Passalacqua 2011, GSA talk

Nonlinear diffusion and geodesic paths for automatic channel network and geomorphic feature extraction from lidar

PASSALACQUA, Paola, Civil, Architectural and Environmental Engineering, The University of Texas at Austin, 1 University Station C1786, Austin, TX 78712-0276, paola@austin.utexas.edu

http://gsa.confex.com/gsa/2011AM/finalprogram/abstract_188773.htm

2011 GSA Annual Meeting in Minneapolis (9–12 October 2011)

Paper No. 165-1 Presentation Time: 8:10 AM-8:30 AM

Knowledge of the channel network and channel/floodplain morphology in a river basin is of fundamental importance for flood prediction, watershed management, ecosystem analysis, and stream restoration. The availability of high resolution topographic data now permits the direct detection of channels, rather than the estimation of likely channel locations based on topographic features (slope, drainage area, or topographic curvature).

This talk will present a geometric framework for the automatic extraction of channel network and channel morphology attributes from high-resolution digital elevation data.
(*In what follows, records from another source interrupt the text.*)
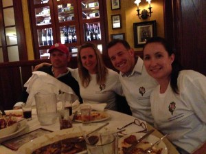 First things first: I ran on the Niall Mellon Township Trust Team. NMTT is Irish-based charitable organization that focuses on building homes for the poor throughout Africa. This was the first year that NMTT pulled a team together for MCM, so only a small (but very committed) crew of runners participated. Here’s a shot of us “carb loading” at Carmine’s in Chinatown on Saturday night.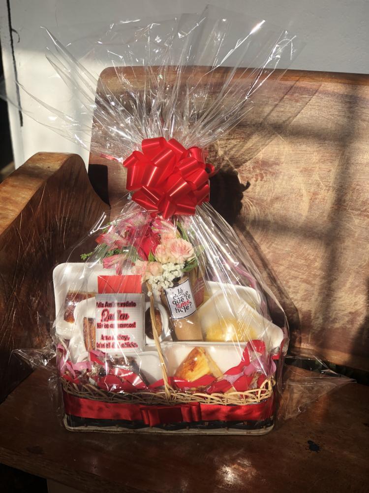 Surpreenda alguém especial com nossa Cesta de Café da Manhã Personalizada, repleta de delícias e carinho. Esta cesta decorada inclui uma caneca personalizada, 1 litro de suco, achocolatado, iogurte e 2 frutas da estação, oferecendo frescor e sabor. Acompanha tapioca simples, tapioca com queijo coalho, cuscuz, banana frita, pães, brioches, presunto e queijo, além de bolo de macaxeira e bolo de chocolate, garantindo uma variedade irresistível para um café da manhã completo. Para finalizar, inclui um cone de flores e um cartão personalizado.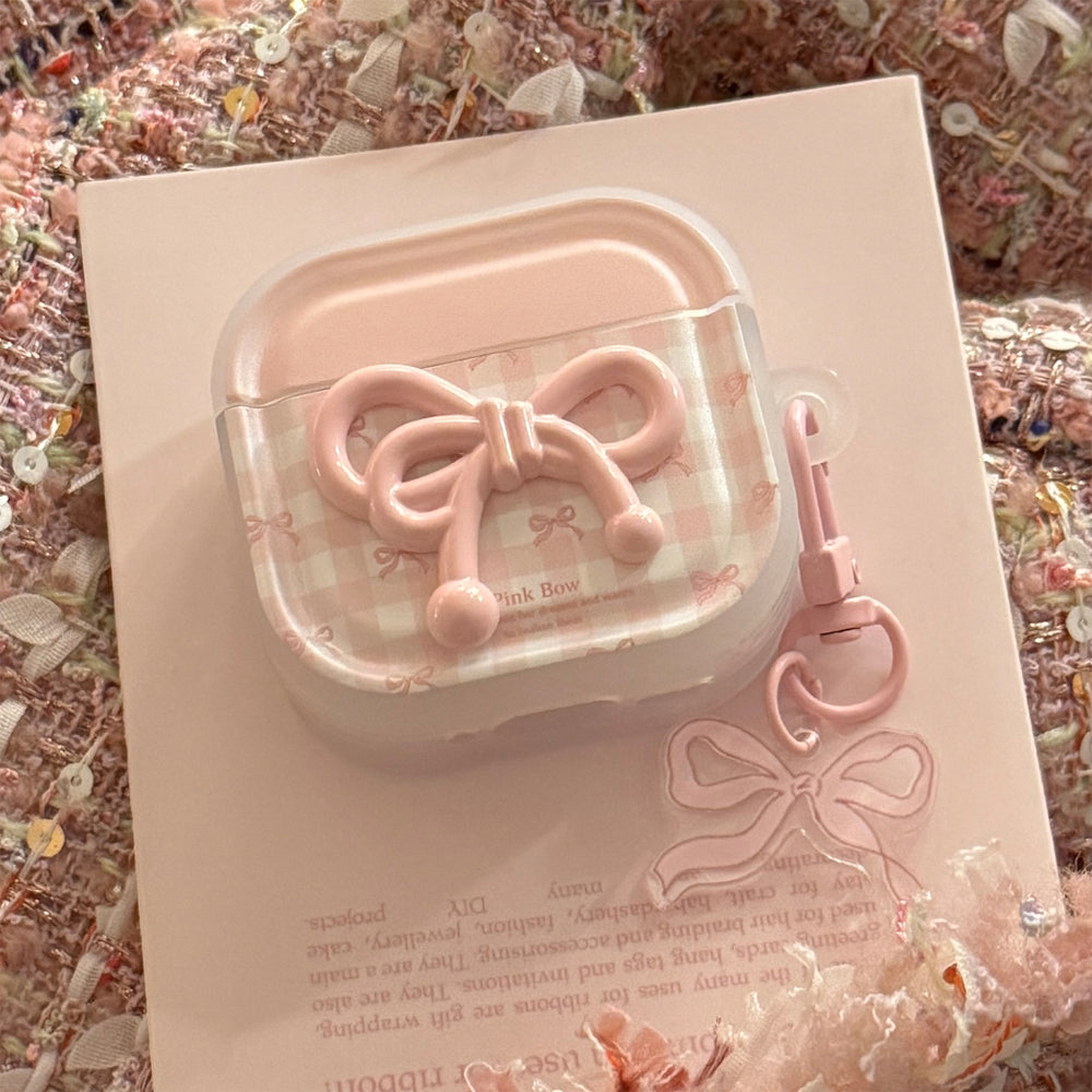 Semi-transparent pink plaid Apple earphone case
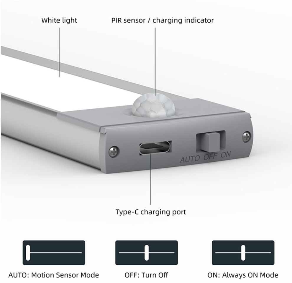 Lámpara LED con Sensor de Movimiento. Luz Inalámbrica Carga Rápida y 2 Modos. 23.3*4.3*1.2cm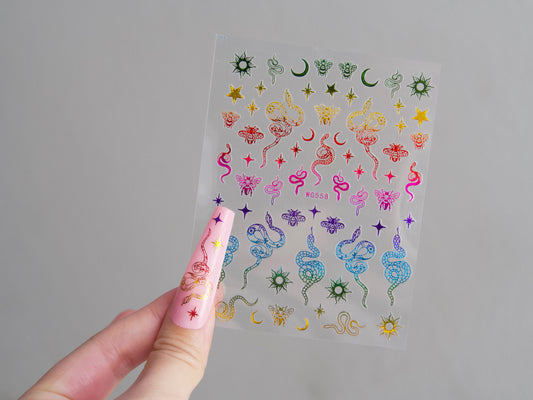 Snake Nail Stickers/ Metallic Rainbow Gilding Totem Moon Star 3D Nail Art Stickers Self Adhesive Decals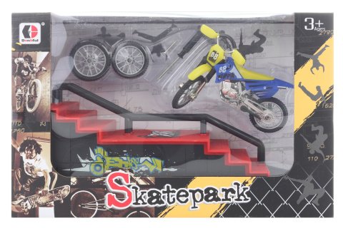 Plastová rampa na skákání se šroubovací motorkou. Rozměry motorky cca 10 x 7 cm. Rozměry balení cca 28 x 18 x 11 cm. Věk 3+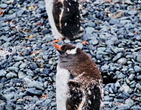 奇妙的是,居然有两种毛色的白眉企鹅相伴而行。一种棕色,一种黑色,乍一看还以为是阿德利企鹅呢半月岛海滩上的白眉企鹅 不同于岛的东南我们登陆之处的帽带企鹅,科考站下方海滩上生活着的是白眉企鹅,他们在岸边远眺着大海,若有所思。 奇妙的是,居然有两种毛色的白眉企鹅相伴而行。一种棕色,一种黑色,乍...半月岛海滩上的白眉企鹅 不同于岛的东南我们登陆之处的帽带企鹅,科考站下方海滩上生活着的是白眉企鹅,他们在岸边远眺着大海,若有所思。 奇妙的是,居然有两种毛色的白眉企鹅相伴而行。一种棕色,一种黑色,乍一看还以为是阿德利企鹅呢。好像棕色的更典型些,黑色的该不会是老趴着给晒的吧[呲牙] 展开

The approach combines nonlinear diffusion for the pre-processing of the data and geodesic minimization principles for the extraction of channels. The nonlinear filtering operation removes small scale variability and enhances features that are critical to the channel extraction. Channels are then extracted as geodesics, or curves of minimal effort, where the effort is measured based on fundamental geomorphological characteristics such as flow accumulation and iso-height contours curvature. Results are shown from the application of the methodology to several high resolution data sets of different characteristics.